Może i nie jestem wielbicielem malarstwa, ale przyznaję, że wypowiedź "tak wyglądałyby komiksy Picassa, gdyby ten je rysował" jest sporą zachętą, nawet dla mnie. Listonosz przyniósł Uzbrojony Ogród razem z kilkoma innymi ciekawostkami, między innymi drugim komiksem wchodzącym w skład najnowszego pakietu Kultury Gniewu, Panem Naturalnym, i muszę stwierdzić, że zainwestowanie w opowieść Davida B. było bardzo dobrym posunięciem. Trzy zawarte w tym tomie historyjki mają swoją specyficzną atmosferę, coś, czego nie potrafię uchwycić lub ubrać w słowa, ale mam wrażenie, że podczas lektury niewielu czytelników nie odczuje tego, o czym piszę. Jest to komiks unikalny i, tak jak w przypadku Insekta, na mojej półce chyba nie ma pozycji, którą mógłbym nazwać podobną do Uzbrojonego Ogrodu. Oprócz samej atmosfery, skutecznie budowanej przez scenariusz i charakterystyczne ilustracje, komiks posiada jeszcze coś, coś nieuchwytnego, wyślizgującego się z rąk podczas przewracania kolejnych kartek. Po prostu wydaje mi się, że, jakkolwiek jestem bardziej niż usatysfakcjonowany, nie dostrzegłem jakiegoś drugiego dna i dotarła do mnie tylko część zawartej w tej opowieści magii. Piszę o tym ze złością, bo wszystko to sprawi na pewno, że recenzja pozostanie niekompletna, przynajmniej w moim odczuciu, ale na ten moment nic nie poradzę.

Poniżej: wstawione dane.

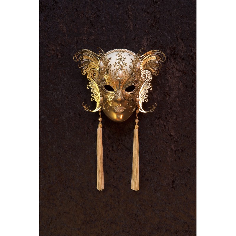 Authentic Venetian mask in resin, handcrafted according to tradition by La Fucina dei Miracoli craftspeople since 1975. This mask is not wearable.
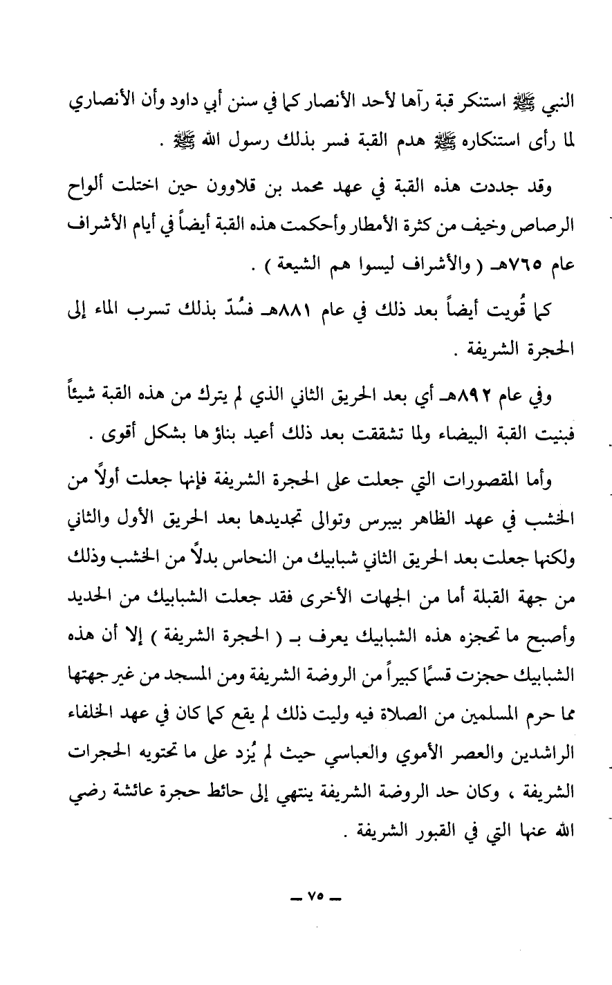 كما قويت أيضاً بعد ذلك في عام 881 هـ فسد بذلك تسرب الماء إلى الحجرة الشريفة.

Nie bacząc na moje obawy, które być może są jedynie urojeniami, przejdę do konkretów: komiks Davida B. zawiera trzy krótkie historie: Zamaskowany Prorok, tytułowy Uzbrojony Ogród oraz Zakochany Bęben. Każda z opowieści skupia się na nieco innych wątkach, chociaż nie brak tu wspólnych cech, zwłaszcza w drugiej i trzeciej części komiksu. Całość przedstawiona została w konwencji mrocznej i brutalnej baśni, z ciekawymi pomysłami oraz przeprowadzeniem fabuły w taki sposób, że ciężko oderwać się od kolejnych stron. Autor zestawił wydarzenia historyczne, takie jak na przykład Wojny Husyckie (od razu przypomniała mi się trylogia Sapkowskiego), z mitami oraz legendami, a dopełnienie w postaci oprawy graficznej zrobiło swoje, budując ten niesamowity i upiorny klimat. Ilustracje są proste, a jednocześnie przemyślane i robiące ogromne wrażenie, od stylu rysunku po specyficzną kolorystykę, co wraz ze scenariuszem tworzy idealnie zgraną całość - jak w najlepszych komiksach.

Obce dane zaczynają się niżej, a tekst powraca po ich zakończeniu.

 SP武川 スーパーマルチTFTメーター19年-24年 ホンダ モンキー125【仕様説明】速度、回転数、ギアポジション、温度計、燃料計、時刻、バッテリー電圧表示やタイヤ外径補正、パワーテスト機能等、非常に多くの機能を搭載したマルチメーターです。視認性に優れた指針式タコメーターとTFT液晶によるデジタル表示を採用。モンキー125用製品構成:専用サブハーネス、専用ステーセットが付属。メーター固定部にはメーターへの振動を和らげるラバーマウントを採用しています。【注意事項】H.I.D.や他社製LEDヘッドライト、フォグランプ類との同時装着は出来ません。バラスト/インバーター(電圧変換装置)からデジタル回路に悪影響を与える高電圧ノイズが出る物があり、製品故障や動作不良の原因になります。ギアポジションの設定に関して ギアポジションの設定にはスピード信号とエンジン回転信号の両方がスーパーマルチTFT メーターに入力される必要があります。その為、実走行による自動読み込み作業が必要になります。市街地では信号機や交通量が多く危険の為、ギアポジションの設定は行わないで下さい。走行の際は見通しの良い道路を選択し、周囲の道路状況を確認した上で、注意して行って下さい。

Być może nie potrafię opisać wszystkich aspektów Uzbrojonego Ogrodu, pewnie brakuje mi wiedzy albo umiejętności potrzebnych do określenia, co przegapiłem, ale niezależnie od tego polecam przekonanie się na własne oczy co znajduje się pomiędzy okładkami tej niezbyt obszernej, ale zapadającej w pamięć pozycji. Bo chociaż czytałem wiele lepszych opowieści obrazkowych, prawdopodobnie nigdy nie czytałem czegokolwiek podobnego, a to o czymś świadczy. Unikalność jest dla mnie cechą jak najbardziej pożądaną, zresztą nie tylko jeśli chodzi o komiks, a jej zawartość w Uzbrojonym Ogrodzie jest naprawdę bardzo wysoka.
Znowu dobra recenzja:) Tych superbohaterskich nie czytam gdyż nie za bardzo mi taki komiks podchodzi ale wybrane recenzje czytam;)
OdpowiedzUsuńNajbardziej oczekiwany przeze mnie komiks tego roku.Dobrze wiedziec że było na co czekac.
OdpowiedzUsuńPo świętach pakiecik z KG sobie wezmę.
@kendo: te superbohaterskie też czytaj, nawet nie ze względu na moje wypociny, ale wydaje mi się, że piszę o całkiem sporej ilości ciekawych rzeczy, nawet jeśli ktoś nie lubi trykociarzy.
OdpowiedzUsuń@stig: bierz, bierz. Ja wkrótce zabieram się za czytanie Pana Naturalnego.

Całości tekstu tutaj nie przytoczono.